Harris, Trump hit campaign trail as debate looms
Portsmouth, United States – AFP
Kamala Harris and Donald Trump returned to the US campaign trail Wednesday, with new polls showing the White House race remains on a knife-edge less than a week before their crucial first debate.
Harris, who has revived Democratic hopes with just 61 days until the November 5 vote, unveiled proposed tax breaks for small businesses as she fleshed out her economic policy.
In a rare break with Biden, she proposed a 28 percent tax rate on capital gains, lower than the 39.6 percent planned by the president, in her latest attempt to appeal to centrist voters.
“We know when the government encourages investment, it leads to broad-based economic growth, and it creates jobs, which makes our economy stronger,” Harris said.
Team Trump meanwhile blasted the plans, saying in a statement that Harris’s various proposals would lead to tax hikes “on almost 26 million small businesspeople in America.”
“She’s had her honeymoon period.

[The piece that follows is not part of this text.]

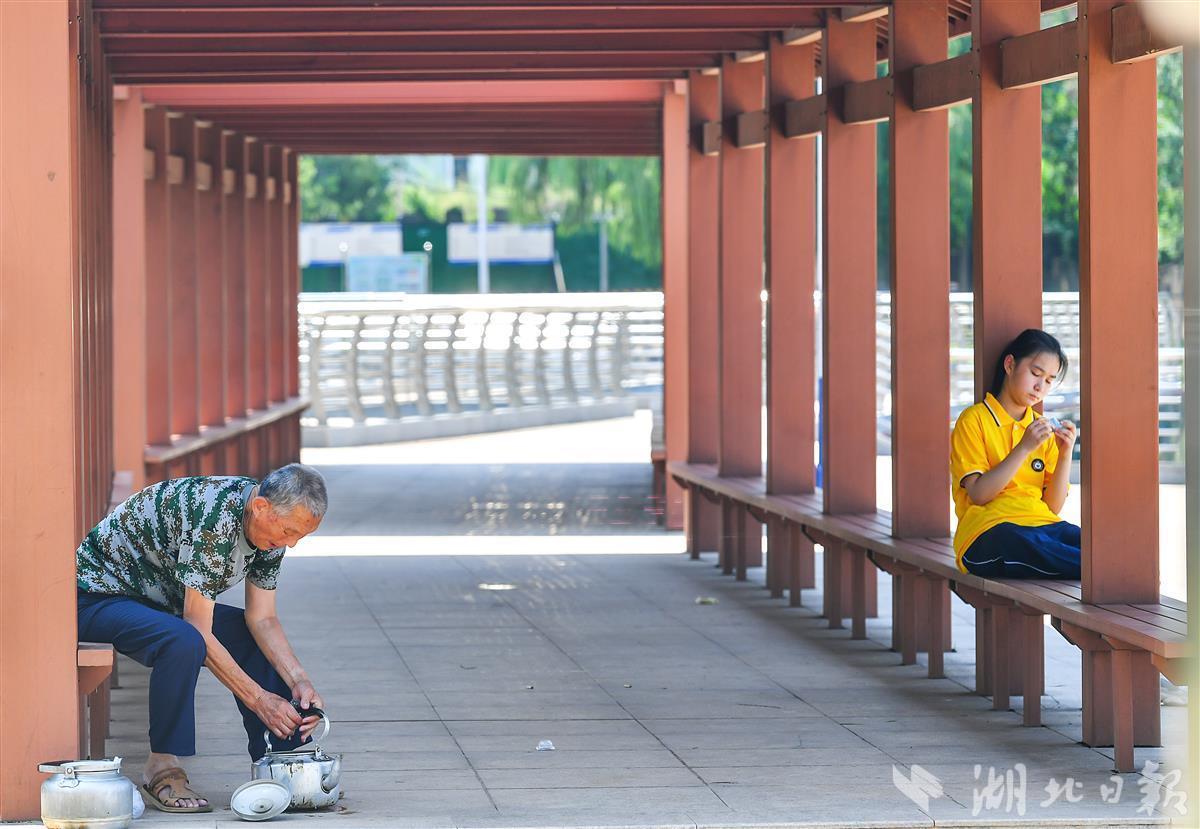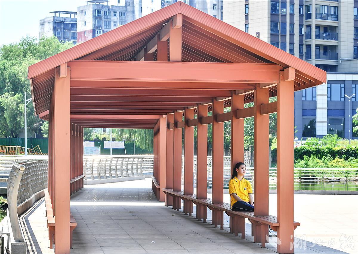 该广场紧邻秀丽柴泊湖,总占地总面积120亩,主要以园林绿化为主,为市民提供一个美丽的休闲娱乐场地,目前广场已成为阳逻的一张城市名片。(湖北日报全媒记者 朱熙勇 摄)

People are learning who she is,” Trump told a local New Hampshire radio station Wednesday. “We can’t go another four years with a dumb president.”
– Tight race –
Harris, 59, has upended the race since Biden dramatically quit as the Democratic candidate after the 81-year-old’s disastrous performance in a debate against Trump exacerbated fears about his age and mental acuity.
America’s first female, Black and South Asian vice president has swiftly erased Trump’s poll lead and forced the ex-president and convicted felon to rethink his campaign.

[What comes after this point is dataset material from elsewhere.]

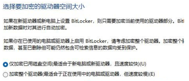 7、选择要加密的驱动器空间大小,这里选择【仅加密已用磁盘空间(最适合于新电脑或新驱动器,且速度较快)】。
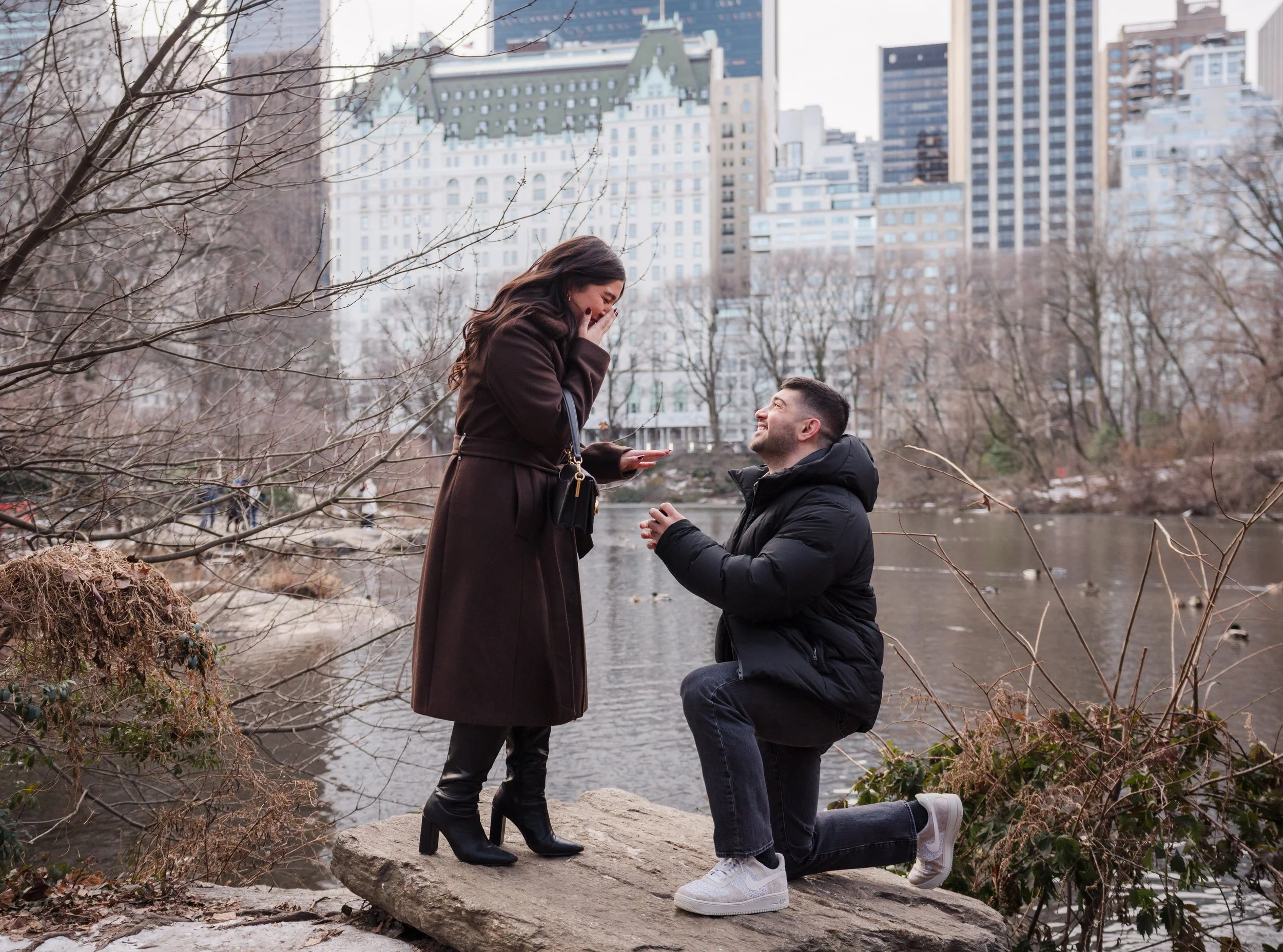 The Pond can get very crowded as the day progresses, so mornings are ideal if you want any intimacy. I’ve photographed proposals as late in the morning as 9:30 AM on a winter weekend (post-holiday season) without issue. If you want something more private, including photos to yourselves on the incredible Gapstow Bridge, I would recommend coming much earlier than that.

Despite his unprecedented attempt to overturn the 2020 election — culminating in a mob of supporters storming the US Capitol — 78-year-old Trump retains passionate support on the right.
He faces a new challenge with Harris. A CNN poll released Wednesday showed the race remains nail-bitingly close in six key battleground states.
Harris holds the edge against Trump over likely voters in the “Rust Belt” states of Wisconsin and Michigan, by 50 percent to 44 percent, and 48 percent to 43 percent, respectively.
Trump meanwhile has the edge in Arizona by 49 percent to 44 percent.
But the race is essentially tied in three other states — most critically in Pennsylvania, the biggest swing state prize in terms of votes in the US electoral college system.
Biden won all six states when he defeated Trump in 2020.
The findings come a day after a USA Today/Suffolk University poll found Harris leading Trump 48 percent to 43 percent — with double-digit gains with crucial groups including Hispanic and Black voters and younger people.
Harris got a boost of sorts Wednesday from Republican quarters when former congresswoman Liz Cheney, an arch conservative and never-Trumper, endorsed the Democrat for president.
“Because of the danger that Donald Trump poses, not only am I not voting for Donald Trump but I will be voting for Kamala Harris,” Cheney told a gathering at Duke University, in videos posted to social media.